##### Dataset extract

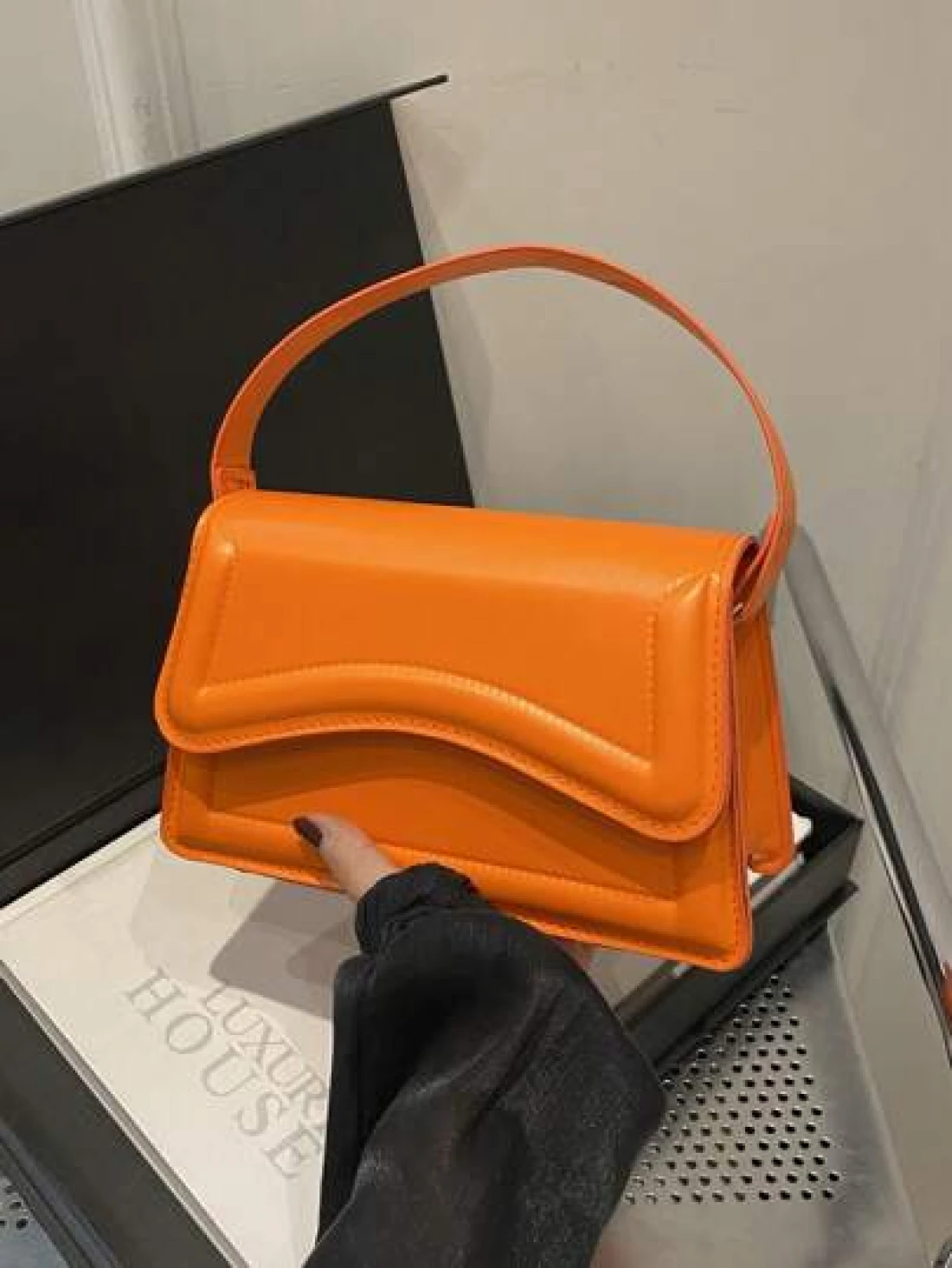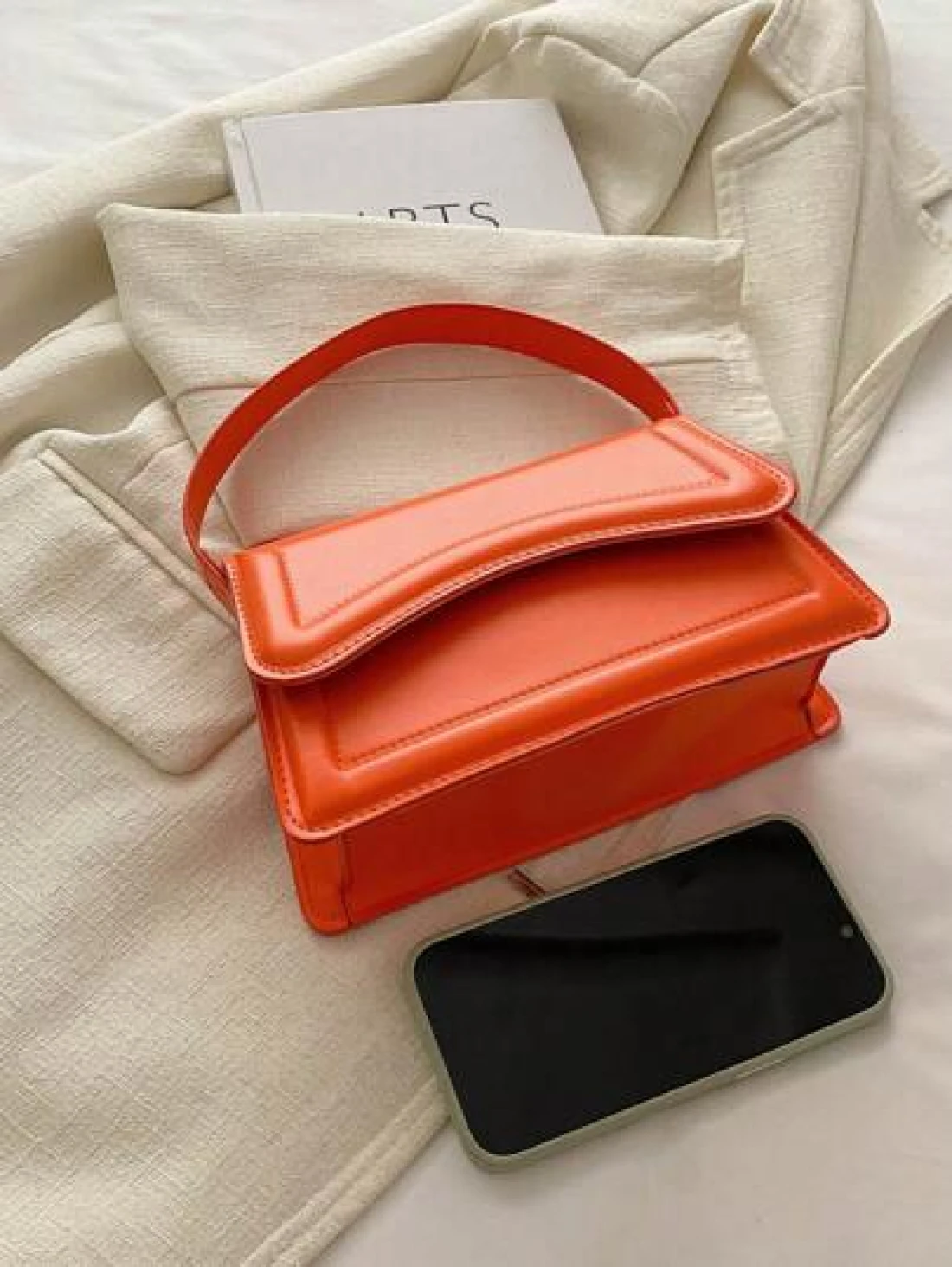 حقيبة مربعة صغيرة من الجلد الصناعي اللون البرتقالي للسيدات، حقيبة يد بسيطة وأنيقة للخروج، موضة متعددة الاستخدامات
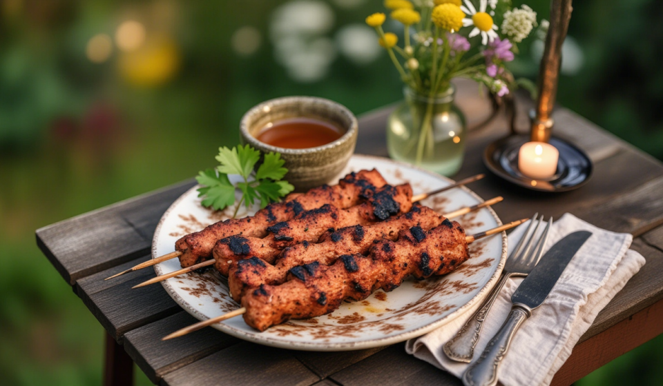 Die Spieße bei mittlerer Hitze ca. 5–7 Minuten pro Seite grillen oder alternativ in einer Pfanne mit etwas Öl braten, bis sie außen schön knusprig sind.
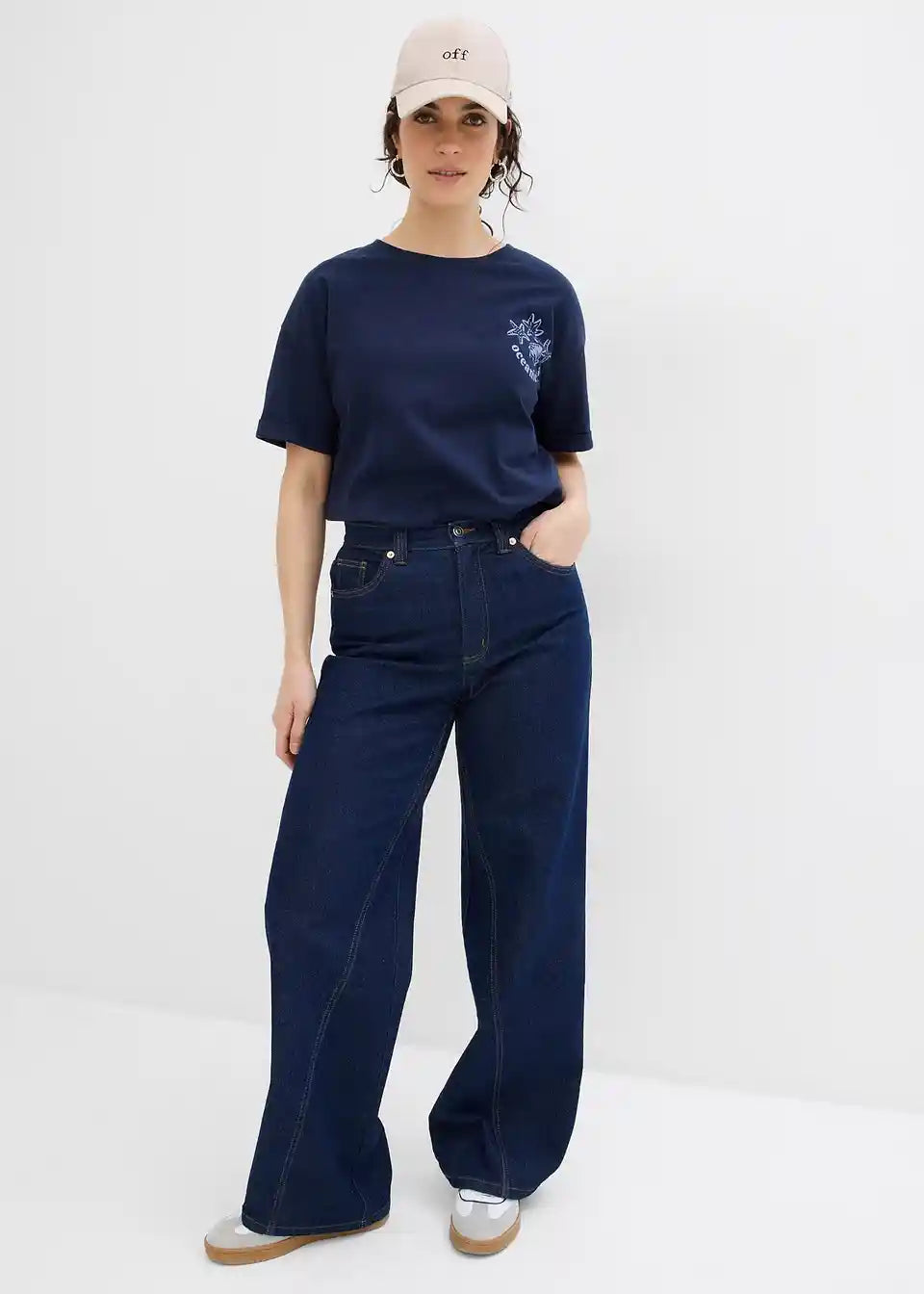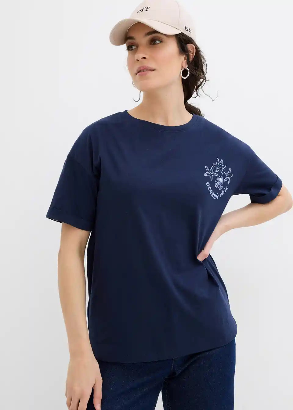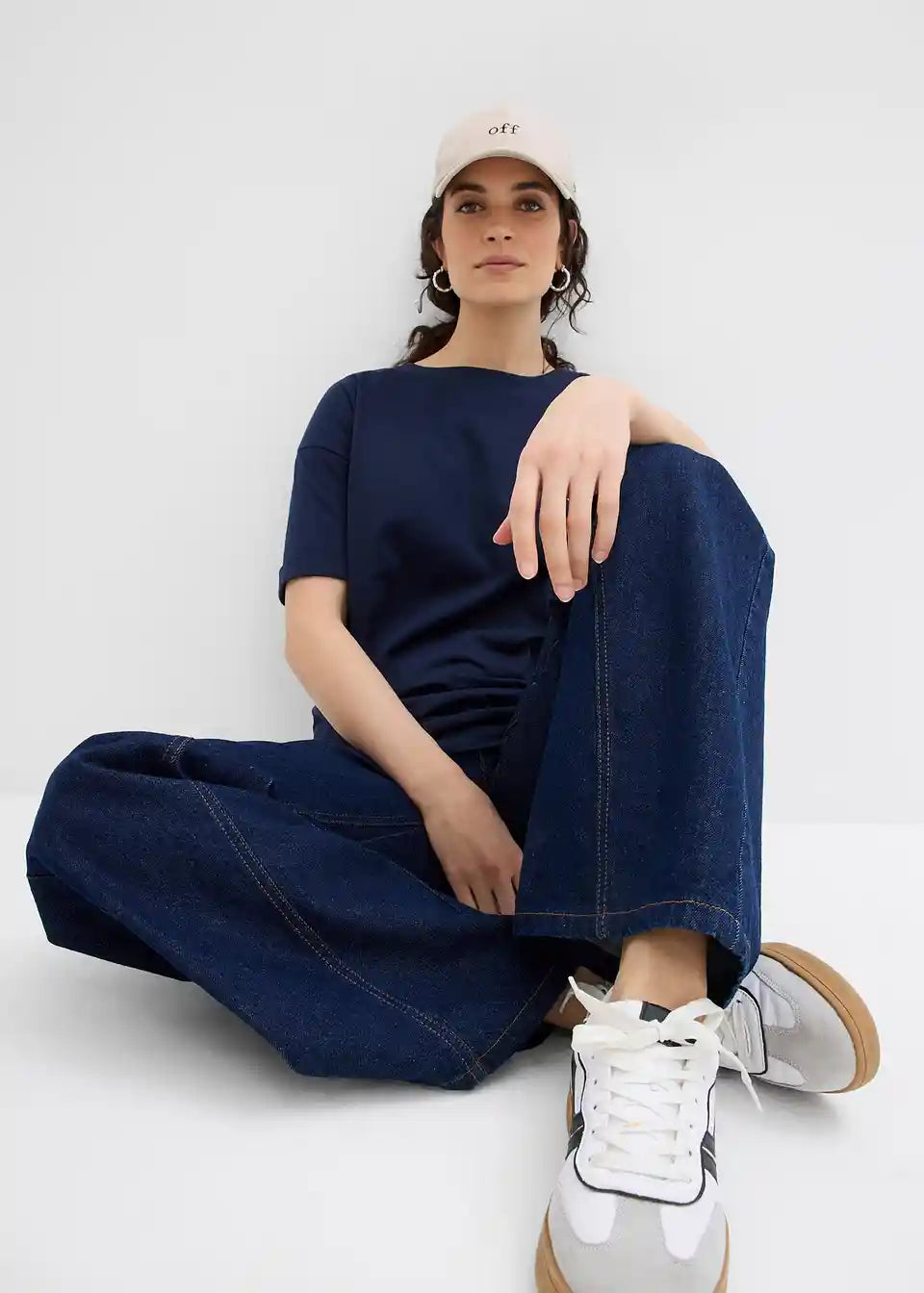 Široko krojena majica s bočnim prorezima i produženim stražnjim rubom
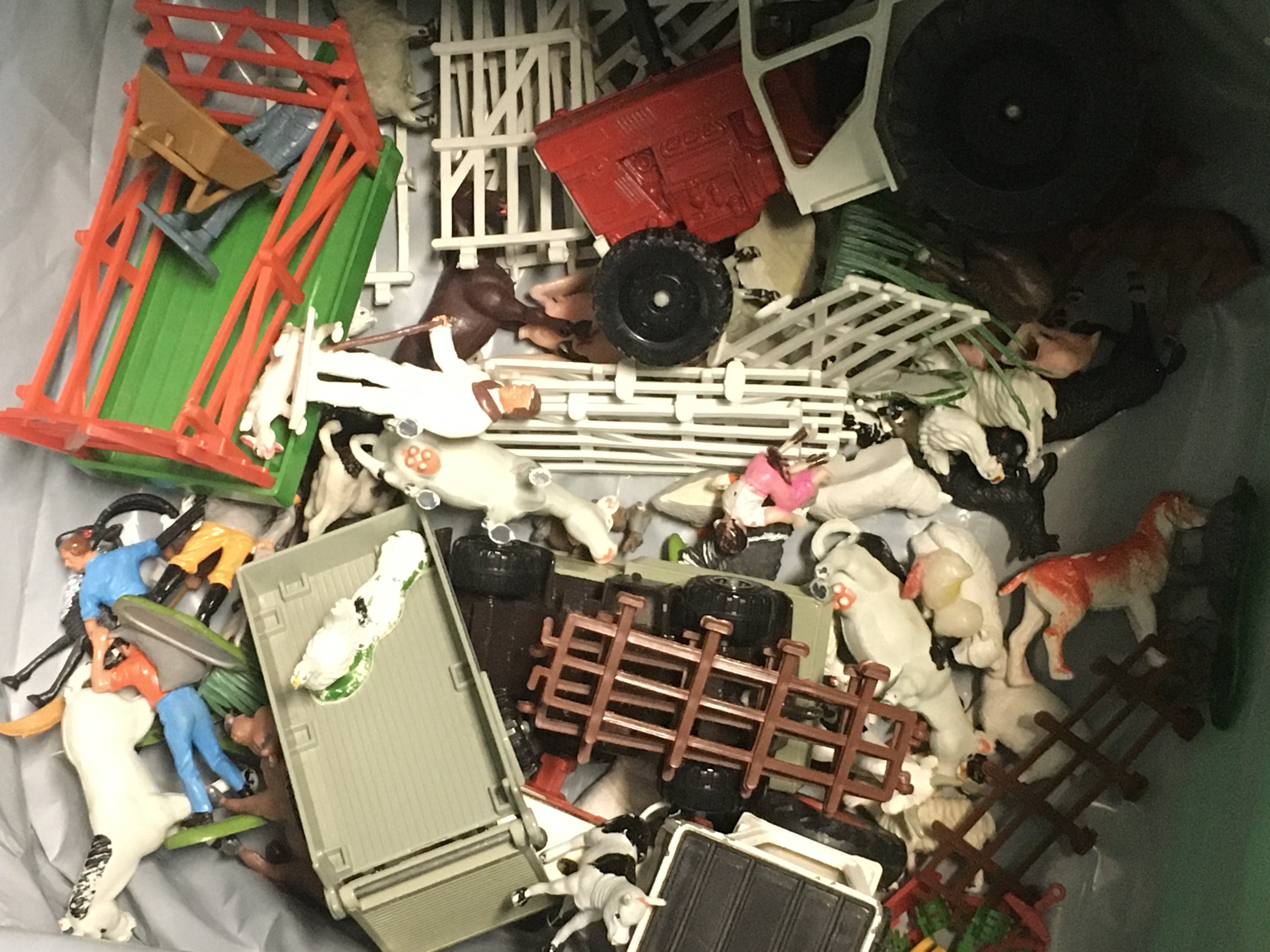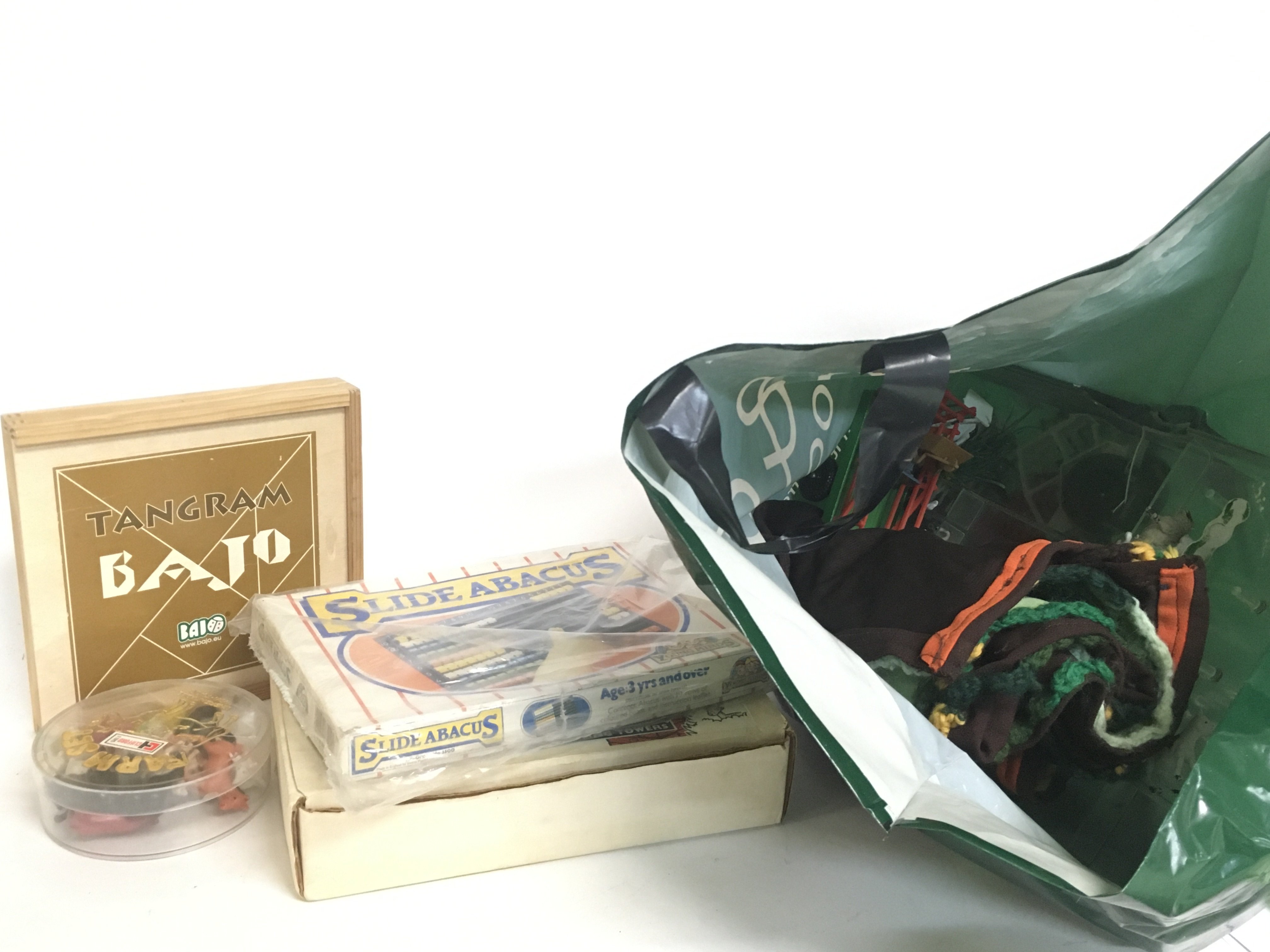 A collection of vintage boxed games including Slide Abacus, Timba, Tangram Bajo, Playworn farm animals and tractors. Postage category C

##########

Your instructions.
Everything above except the pictures must be restated exactly.

Response for this exercise.
 حقيبة مربعة صغيرة من الجلد الصناعي اللون البرتقالي للسيدات، حقيبة يد بسيطة وأنيقة للخروج، موضة متعددة الاستخدامات
 Die Spieße bei mittlerer Hitze ca. 5–7 Minuten pro Seite grillen oder alternativ in einer Pfanne mit etwas Öl braten, bis sie außen schön knusprig sind.
 Široko krojena majica s bočnim prorezima i produženim stražnjim rubom
 A collection of vintage boxed games including Slide Abacus, Timba, Tangram Bajo, Playworn farm animals and tractors. Postage category C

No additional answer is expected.